Predictive maintenance and prescriptive analytics are gaining popularity as businesses realize the benefits of applying data and analytics to achieve intelligent asset maintenance.

What is Asset & Maintenance?

According to ISO 55000, an asset is defined as “A thing, item or entity that has actual or potential value.” Therefore the primary objective of asset maintenance is to ensure that assets maximize value to the business and stakeholders in the value chain through effective asset maintenance strategies.

The Need for Maintenance

Businesses are shifting from Run-to-Failure and preventive maintenance to smarter maintenance solutions to avoid huge losses associated with repair cost, labor cost and among all, opportunity loss for the business. As Run-to-Failure is a costly affair, the companies have started looking for alternatives as preventive maintenance has proven ineffective over time. With changing trends, companies realized that technicians are performing routine maintenance tasks when everything is still running smoothly, while this could always be a valid maintenance strategy, something better is needed.

Shift to Intelligent Maintenance

Ascension of the Internet of Things (IoT) is fundamentally changing the way that companies create value, compete and partner with other businesses. Companies are using IoT to boost operational performance and enhance customer experience by data fusion from sensors and asset management systems. The IoT data provides value-driven insights about asset conditions that enable the maintenance based on the asset condition instead of routine scheduled checks.

Intelligent maintenance refers to predicting the probability of failure in advance and alerting the business unit to start planning the preservation of assets well in advance, eliminating breakdown and ensuring increased asset availability.

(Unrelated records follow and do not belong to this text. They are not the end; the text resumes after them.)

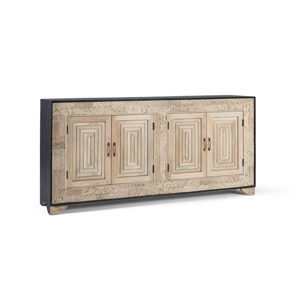 Тумба з масиву мангового дерева вирізняється дизайном, який вирізняється ручним різьбленням і елегантним поєднанням природних тонів із структурою в темній рамці. Передня частина має чотири двері з різьбленими вручну геометричними панелями. Кожна пара дверей приховує простір з внутрішніми полицями. Металеві бронзові ручки під старовину доповнюють сільсько-елегантну естетику набору. ВИСОТА НІЖКИ - 7 СМ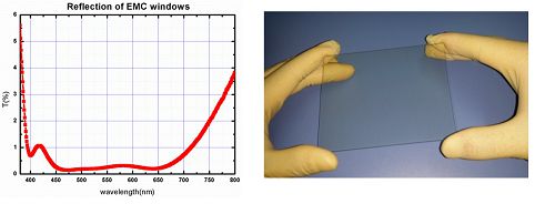 电磁屏蔽窗口的反射谱(左)和产品照片(右)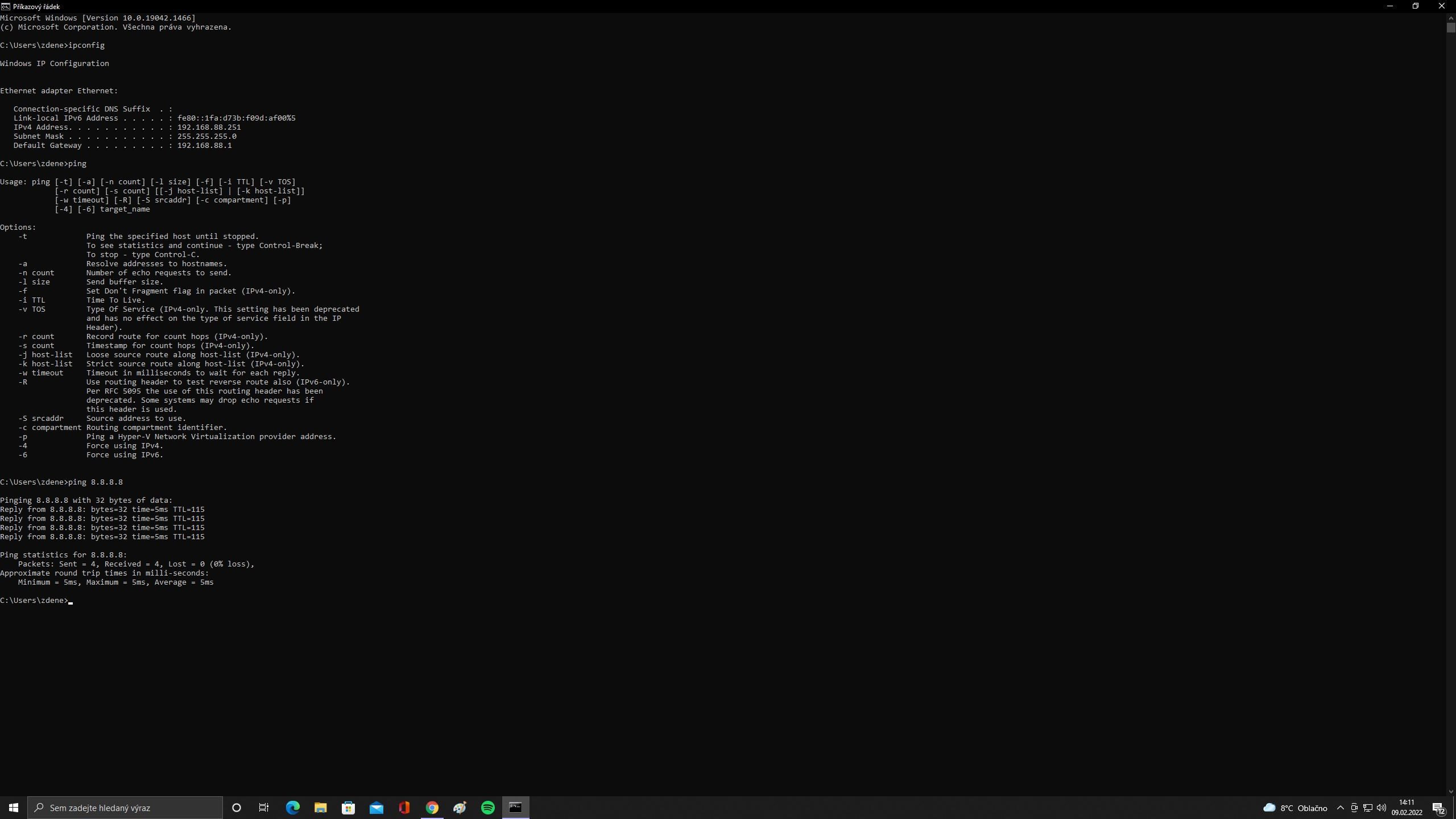Pak ping + ta tvoje adresa.. Můžeš zkusit i ping 8.8.8.8 a ukaž nám výsledek.

Remaining Useful Life (RUL) is another intelligent maintenance technique that is useful for life left on an asset at a particular time of operation. Its estimation is central to condition-based monitoring and prognostics and health of asset and centered on statistical data-driven approaches which rely on available past observed data and machine learning models. RUL should enable the business to make an informed decision about whether to perform the maintenance or plan for replacement, which may deem it to be cost-effective.

Core Capabilities of Intelligent Maintenance Solution

An IoT enabled intelligent maintenance platform must facilitate communication, data flow, device management, core functionality around asset inspections enabled with advanced analytical capabilities to provide predictive maintenance. It should also employ better connectivity and data flow with low power IoT devices.

Core capabilities include:

01. Device & Asset Management

The platform should centrally manage the IoT devices from registration to firmware upgrade and support the edge shift to push the inferencing models on to the devices for the noise cancellations. The ability to map the device to the asset should be done seamlessly with intuitive user experience.

02. Inspection Management

The solution should be capable of creating asset inspections based on the collected data, analyze past performance and co-relate with current performance, to keep the assets safe and yield optimized performance. The inspection process management must adhere to the organization’s assignment and approval strategy and enable workflow management capabilities.

03. Mobility

The widespread adoption of smartphones and tablets is bringing rapid change in information management and pushing IT to meet its objectives to find patterns in data and aid in business decisions around data. Field technicians and other staff are using smart mobile devices to capture the vital data points, and asset images through mobile-specific high-resolution cameras and voice-to-text capabilities to get their work done smartly. Therefore the platform should have the ability to capture the inspection data on the go and should be powered with route guidance.

04. Analytics

The ability to collect & analyze data from IoT devices and other IT systems allows companies to move from preventive maintenance to predictive maintenance. The IT & business staff need to be able to gain insights through the right analytical capabilities from the intelligent maintenance platform to make smarter decisions and improve operational efficiency.

05. Value of Intelligent Maintenance

Over the past few years, businesses are increasingly becoming aware of how maintenance operations could be strategic to their business goals. With the benefits offered by cloud computing, automation, and IoT, it is increasingly affordable for asset-based companies to optimize their maintenance operation. Intelligent maintenance will play a key contributing role in pushing productivity and eliminating breakdowns.


Preventive maintenance is scheduled maintenance based on the manufacturer guidelines and experience gained while managing the asset.

Predictive maintenance is based on condition monitoring and health of assets.